Purpose of auto loan refinancing
Typically, most people refinance their homes to either draw out equity or to qualify for new loan terms they weren’t originally eligible for. In the first case, homeowners who have seen a significant appreciation in the values of their homes can take out new loans for the adjusted amount and pocket the rest for cash. For example, if Bob and Jill originally purchased their home for $200,000 in 1985, and in 2009, it was worth $300,000, they could take out a new mortgage loan for the new valuation and pocket the difference. On the other hand, homeowners who originally took out adjustable rate or interest only mortgages might refinance to 30-year fixed mortgages once they’ve built up enough equity.
But neither of these cases apply to auto loans – cars are depreciating assets, so you don’t build up equity in them that you can access with a refinance. The real advantages of auto loan refinancing come in the lower payments and lower interest rates you can achieve with them. If, for example, you took out an auto loan a year ago when your credit score was low, you may be able to qualify for lower interest rates if you’ve improved your rating since then. The interest rate of your loan can have a big impact on the size of your payments, so it’s definitely worth looking into.
So should you do it?
There are a few things to take into consideration when considering whether or not to refinance your car loan. The first is, as mentioned in the previous paragraph, your loan’s current interest rate and the rate you could qualify for now. Consider the following example. For a 48-month auto loan for $15,000 at 12% interest, your monthly payments will be roughly $395. If, however, you can refinance to a loan with a 7% interest rate, your monthly payment drops to roughly $360. This may not sound like much, but it does add up over the life of the loan.

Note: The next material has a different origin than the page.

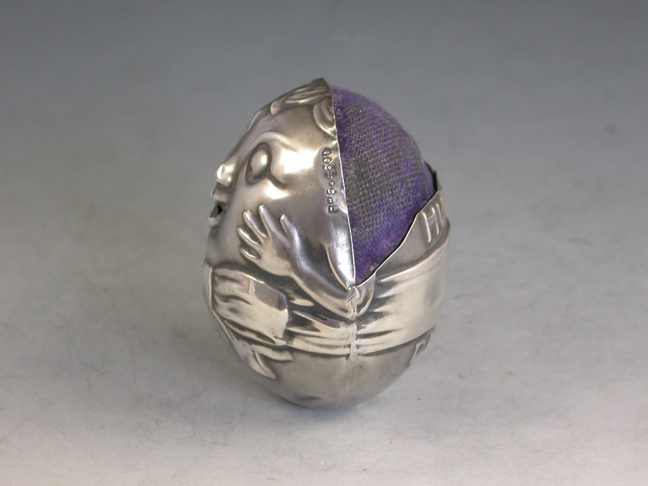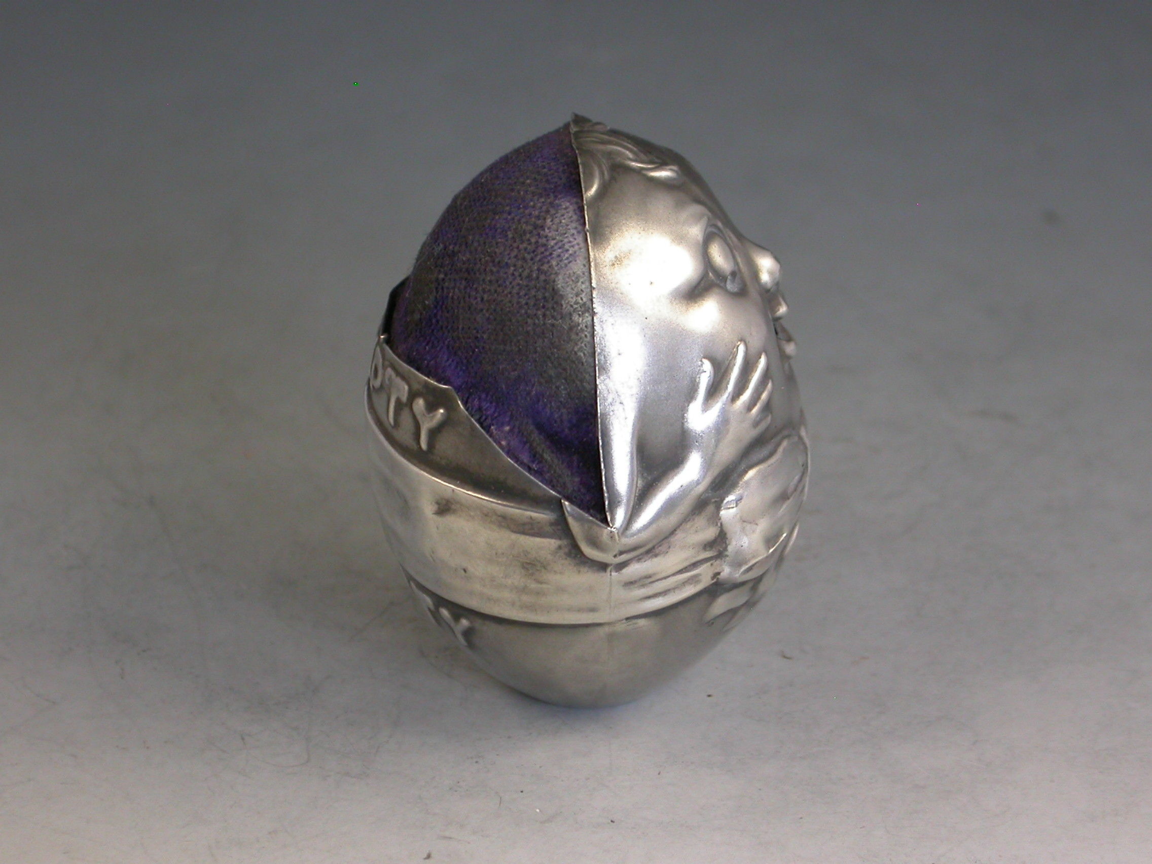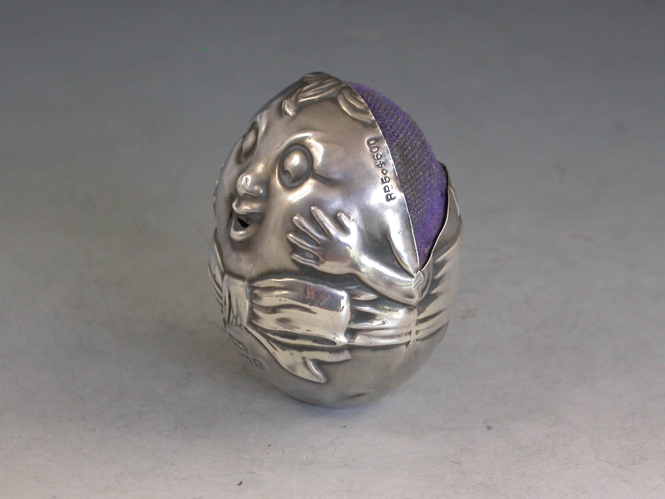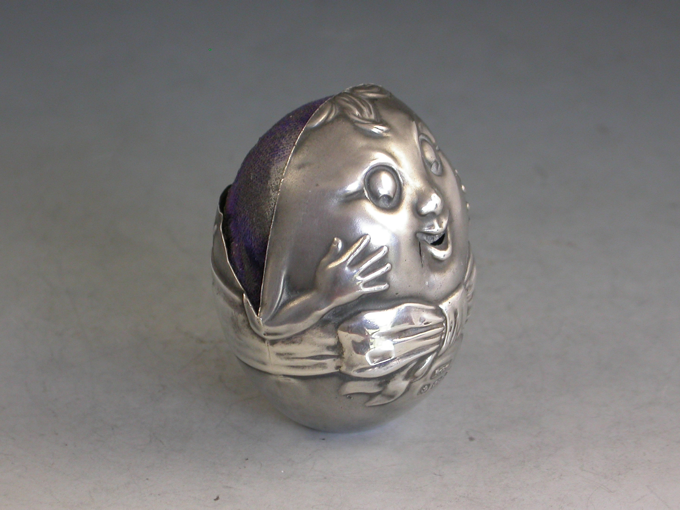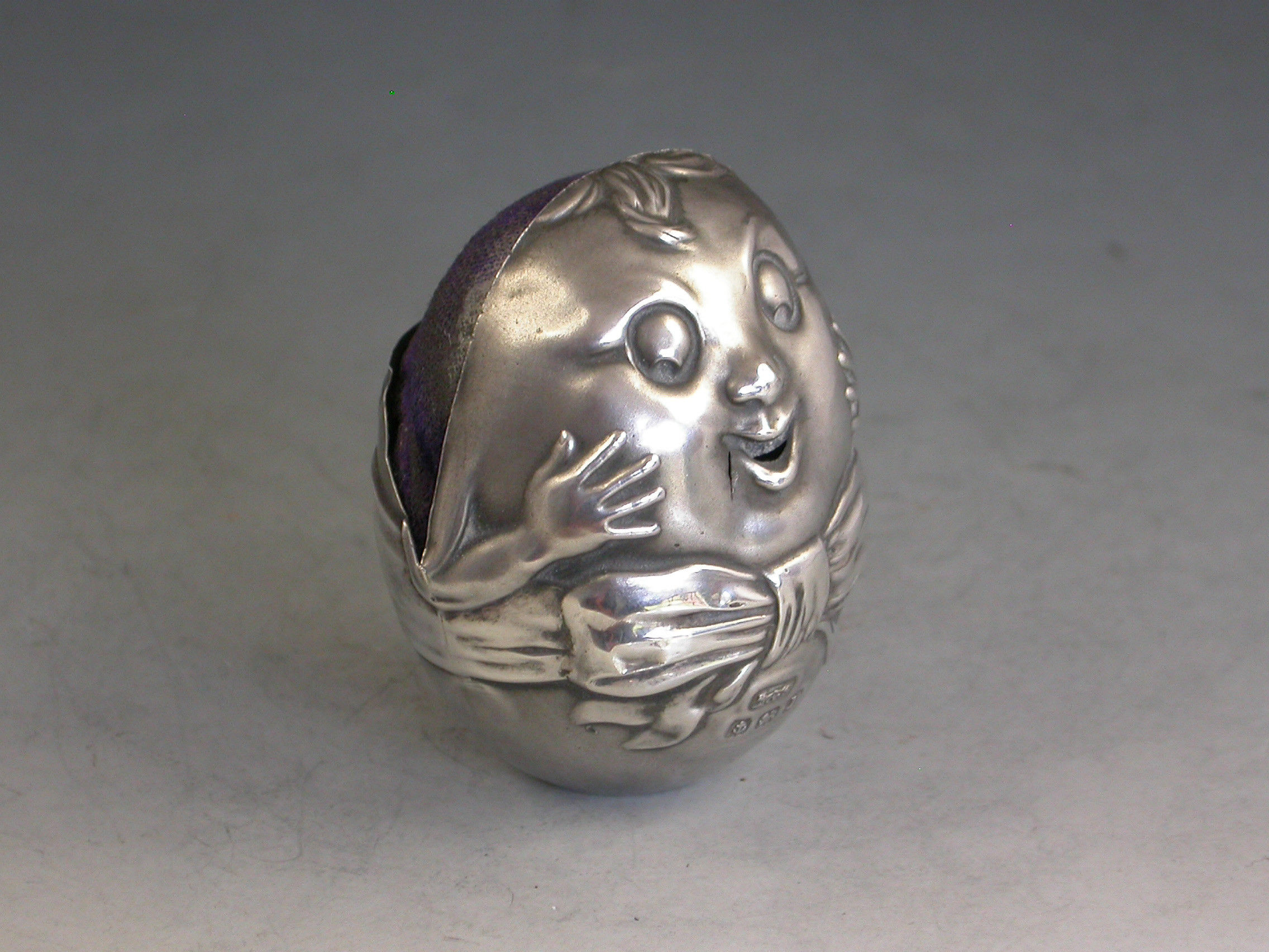 Edwardian Novelty Silver Humpty Dumpty Pin Cushion

The other thing to consider before refinancing is the amount of time left in your loan and the condition of your car. Typically, lenders won’t refinance loans on cars older than 1996 or those with more than 80,000 miles on them. Even if your car has some resale value left, it may not make sense for you to refinance. If you have a year left on your original loan, refinancing to a three year loan will lower your monthly payments, but it does put you at risk of your car dying before the loan is up. Consider your finances carefully before deciding to refinance – if you have only a short period left, it might be worth it to finish paying off the original loan.